No, this isn't the legendary snipe hunt to nowhere. I'm talking about squirrels. It's time to rethink squirrel hunting.

I know, I know, you're already cuing the theme song to “Deliverance” in your head. There are plenty of stereotypes about eating squirrel. Throw them away. Look at this small game animal from a self-sufficiency standpoint.

Squirrel Hunting: The Ideal Survival Food

Squirrels are the ideal survival food. They're everywhere, and it doesn't take a ton of effort to hunt them. You can use that emergency .22 rifle or handgun. They only need a couple months to reproduce. And unlike rabbits, they'll sit on a branch and ask you to shoot them.
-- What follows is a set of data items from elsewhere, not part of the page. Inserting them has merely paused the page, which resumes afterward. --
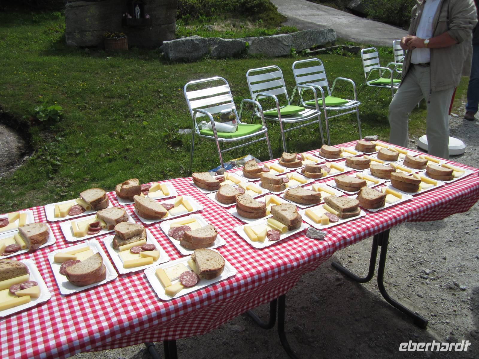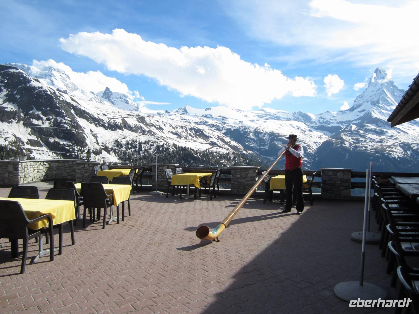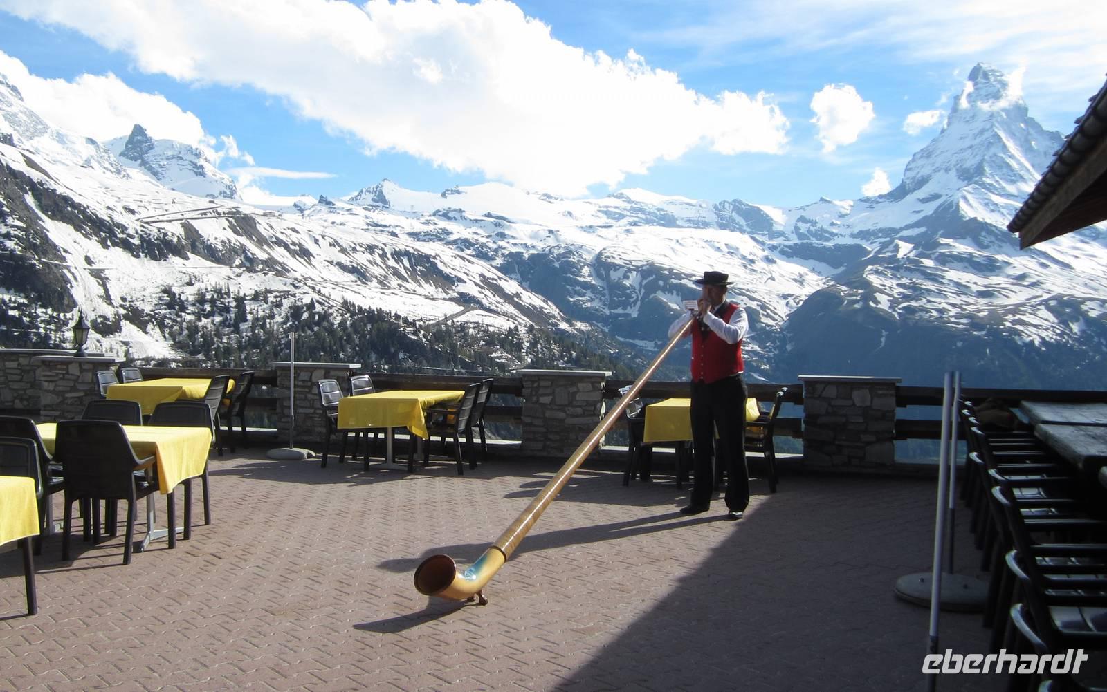 Begrüßt werden wir von einem Alphornbläser. Bei einem typisch schweizerischen Käseraclette und typischer Schweizer Folklore
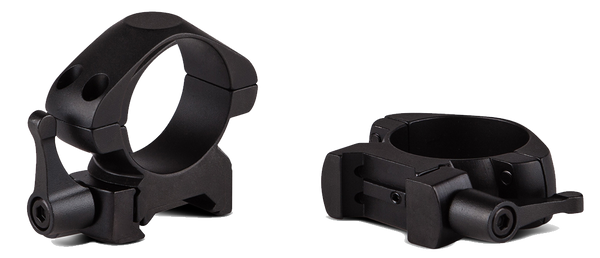 A complete assortment of high quality steel mounting rings for riflescopes.These rings are suitable for weaver / picatinny rail.Features torx screws and square recoil lug.They are also supplied with the quick release system: a lever for quick attach and detach.
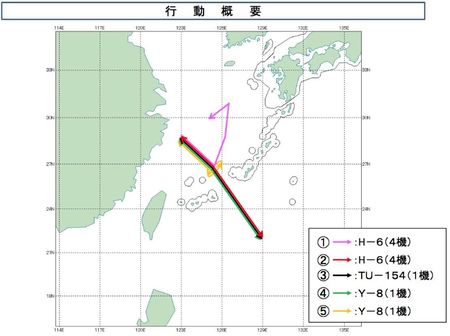 この航空機編隊を形成していたのは、轟炸6K型(H-6K)ミサイル爆撃機8機、空警200型(KJ-200)早期警戒機1機、運輸8電偵型(Y-8DZ)電子情報収集機1機、ツポレフ154M型(TU-154M)情報収集機1機であった。
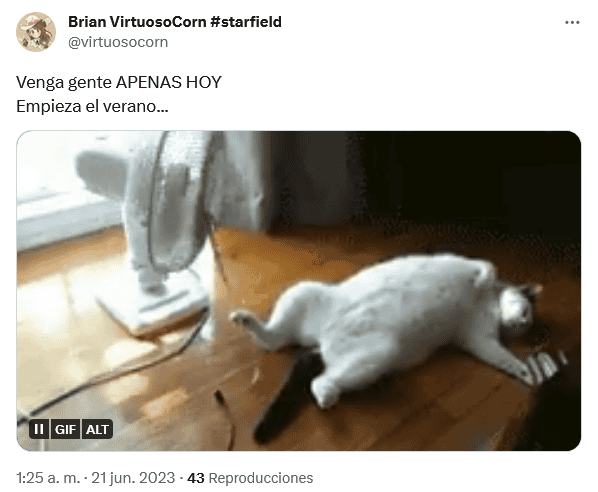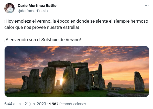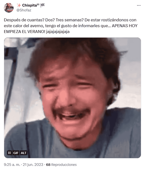 Hoy miércoles 21 de junio inició el solsticio de verano a las 08:57 horas en el hemisferio norte, donde se ubica México.Usuarios de redes sociales no se hicieron esperar y compartieron en Internet los memes y las frases más creativas para darle la bienvenida al primer solsticio del año.Durante el verano se presentan días muy calurosos y lluvias eventuales por la tarde y la noche, dependiendo de la región.El solsticio de verano marca en el hemisferio norte el momento en que el Sol permanece más horas sobre el horizonte. OF
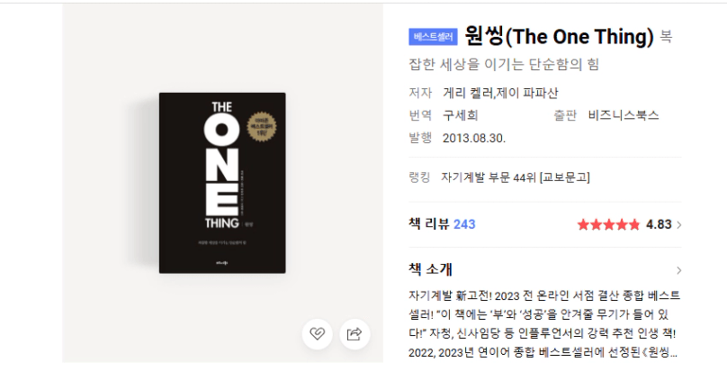 #목적의식 #우선순위 #단 하나 #크고 구체적인 목표 #탁월한 성과 #1만 시간의 법칙 #파레토 법칙 #작은성공 #중요한일

Cast aside any delusions about relying only on big game during an extended crisis. Any deer hunter knows how perceptive these animals are to human pressure. Now imagine everyone and their brother heading to the woods for dinner. Your odds are better to take the “low-hanging fruit” in your backyard and go squirrel hunting.
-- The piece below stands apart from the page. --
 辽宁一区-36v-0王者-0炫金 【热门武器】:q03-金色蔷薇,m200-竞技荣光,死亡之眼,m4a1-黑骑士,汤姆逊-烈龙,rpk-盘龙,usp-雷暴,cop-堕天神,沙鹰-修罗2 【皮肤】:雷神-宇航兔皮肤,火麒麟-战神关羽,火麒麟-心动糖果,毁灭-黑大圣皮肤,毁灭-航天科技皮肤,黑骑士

I recently went squirrel hunting in Minnesota to experience this for myself. The photos chronicle some of the highlights. 

The hunt was also a reminder of my roots, as I'm sure it is for many hunters. Only a few generations ago, my immigrant relatives were dirt poor and eating whatever they could find. It's no coincidence that my family has a catalog of squirrel recipes. The self-sufficiency they practiced to survive in a new country offers plenty of lessons for today.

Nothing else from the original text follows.